Re: Large binary payloads with storm

Posted by 李家宏 <jh...@gmail.com>.
hi , Farchtchi,

which storm version are you using ?
IF the tuple is not serialized, then there is no need to use a JSON parser
to parse the received tuple. I guess so.

Regards


2014/1/11 Ruhollah Farchtchi <ru...@gmail.com>

> Yes I read that in the docs. However when receiving the byte array in
> storm.py it throws a json error when trying to parse the tuples. I didn't
> have time to look into it further as I am new to storm and python.
>
>
> On Saturday, January 11, 2014, 李家宏 wrote:
>
>> There is no need to serialize binary data, just send it as it.
>> As by defalut storm-0.9.0 use kryo serializer to serialize tuple values,
>> I guess we can skip this serialization step.
>>
>> Regards
>>
>>
>>
>> 2014/1/10 Jon Logan <jm...@buffalo.edu>
>>
>>> You're going to run into issues if you have large tuples, because they
>>> are buffered in memory.
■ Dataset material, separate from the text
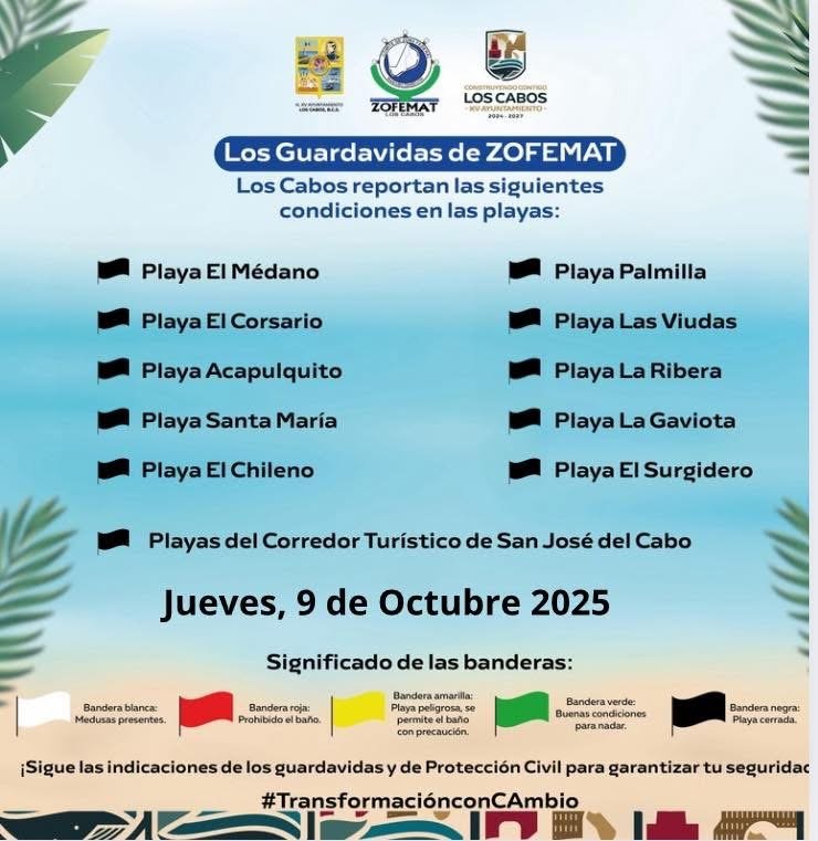 ZOFEMAT PLAYAS BANDERA NEGRA Continue Reading Previous Playas de Los Cabos permanecen cerradas hasta nuevo aviso: Zofemat Deja una respuesta Cancelar la respuestaTu dirección de correo electrónico no será publicada. Los campos obligatorios están marcados con *Comentario * Nombre * Correo electrónico * Web Guarda mi nombre, correo electrónico y web en este navegador para la próxima vez que comente.

I would suggest moving it to an exterior channel,
>>> like Redis, etc, and only passing meta-data through Storm.
>>>
>>> Your other solution is to use quirky things like reflection to prevent
>>> your application from running out of memory when tuples are buffered.
>>>
>>>
>>> On Fri, Jan 10, 2014 at 8:49 AM, Ruhollah Farchtchi <
>>> ruhollah.farchtchi@gmail.com> wrote:
>>>
>>>> I am using storm to process small (< 100k) image files. I don't have a
>>>> real-time requirement as yet, but my bottle neck is more in the image
>>>> processing than message passing between bolts. I am using the Clojure DSL
>>>> and the python bolt. Everything I've put together right now is very much a
>>>> prototype so my next steps are some further processing and integration.
>>>> Passing byte arrays didn't seem to work so well so I have had to
>>>> encode/decode into base64 binary as it seems the JSON parsers on the python
>>>> side didn't like byte arrays. I plan to go back and perhaps re-do the
>>>> integration with a native C++ bolt, however I believe that there are other
>>>> ways to do this integration as well. I'm As with Wilson, I'm interested if
>>>> anyone else is using Storm to process binary payloads and what they have
>>>> found works.
>>>>
>>>> Thanks,
>>>>
>>>> Ruhollah
>>>>
>>>> Ruhollah Farchtchi
>>>> ruhollah.farchtchi@gmail.com
>>>>
>>>>
>>>> On Thu, Jan 9, 2014 at 10:24 PM, Lochlainn Wilson <
>>>> lochlainn.wilson@gmail.com> wrote:
>>>>
>>>>> Hi all,
>>>>>
>>>>> I am new to Storm and have been tasked with determining whether it is
>>>>> feasible for us to use Apache storm in my company. I have of course
>>>>> configured the sample projects and have been poking around. A red flag is
>>>>> raised with the "stream processing" style JSON parsing.
>>>>>
>>>>> I am considering using storm with real time image processing bolts in
>>>>> C++. Packaging binary data into a JSON (by escaping it) looks like it will
>>>>> be slow and expensive. Is there a better way? Does anyone have experience
>>>>> processing large streams of binary data through storm?
>>>>>
>>>>> How did it go?
>>>>>
>>>>> Regards,
>>>>>
>>>>> Lochlainn
>>>>>
>>>>
>>>>
>>>
>>
>>
>> --
>>
>> ======================================================
>>
>> Gvain
>>
>> Email: jh.li.em@gmail.com
>>
>
>
> --
> Ruhollah Farchtchi
> ruhollah.farchtchi@gmail.com
>



-- 

======================================================

Gvain

Email: jh.li.em@gmail.com

Re: Large binary payloads with storm

Posted by Ruhollah Farchtchi <ru...@gmail.com>.
Yes I read that in the docs. However when receiving the byte array in
storm.py it throws a json error when trying to parse the tuples. I didn't
have time to look into it further as I am new to storm and python.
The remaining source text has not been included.